An impressive viral load decrease in cervical swab to 39 copies/105 cells and disappearance of E6 and E7 oncogenes’ mRNA was found 1 year and 4 months after transplantation. At this time her immune status noticeably improved. Her absolute lymphocyte counts grew to normal ranges. Her count of CD3+ doubled, CD4+ tripled, CD8+ increased 1.6 times, CD25+ tripled, and CD16+ increased 1.25 times (Fig. 2). It is not fully clear what factor could influence such a sharp decrease in her HR HPV load. First, and very obvious, it could be due to her spontaneous abortion, which provoked physical damage to epithelial tissue and might have contributed to viral clearance. The literature has shown that miscarriage may be considered a significant factor that can promote clearance of HPV infection. An earlier study showed a lower prevalence of HPV DNA in females with recurrent miscarriage (26.53 %) than in females with at least one pregnancy at term (61.89 %) [13]. Also it is possible that the spontaneous abortion caused inflammation, which could explain the increase in almost all her immunocompetent cell parameters and this immune system boost could have contributed to viral clearance as well.
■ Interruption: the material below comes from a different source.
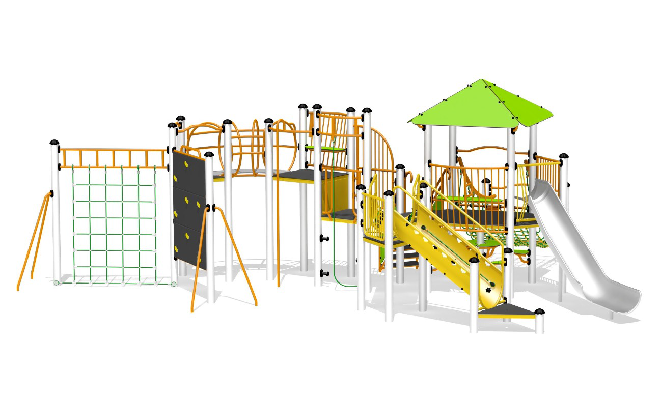So far the proposal includes a possible inclusive play unit from local manufacturer 'Inclusive Play', a traditional slide replacement and an inclusive roundabout. The multi play unit is shown below.

Another factor which could be responsible for HR HPV clearance is a change in immunosuppressive therapy regimen because changes in immunosuppressive drug and dosage might improve immunocompetent cell parameters. However, the threshold for immunocompetent cell parameters to be considered to be capable to clear HPV infection is unclear.

A recent study reported that IgG antibodies to L1 capsids are essential for regression of HPV-induced cervical lesions and are associated with better prognosis [14]. However, during our research we could not detect the presence of these antibodies in our patient’s plasma. Such a result may be explained by her immunocompromised status and a lack of CD19+ lymphocyte subpopulation 12 months and 16 months after renal transplantation. This was caused by the rituximab, which inhibits activity of B cells, that she received 2 weeks before.

In the case of our patient, we observed a noticeable viral load reduction from 7,413,102 copies/105 cells to 39 copies/105 cells 2 months after her spontaneous abortion. It could be considered that the physical impact on cervical mucosa during spontaneous abortion and related mucosal inflammation afterwards contributed to the partial expulsion of the virus from the host. However, if virus clearance associated with lack of IgG antibodies to L1 major viral capsid’s protein is possible, then it may mean that she will have another viral load increase in the future.

Conclusions

Immunosuppressive therapy, due to its negative efficacy on immune cell proliferation and immune activity, increases renal transplant recipients’ risk of developing persistent HR HPV infection with expression of E6 and E7 oncogenes. However, even during this therapy the immune status of a recipient can improve and contribute to a decrease in HPV viral load. Spontaneous abortion can also be considered a possible contributory factor in HPV clearance.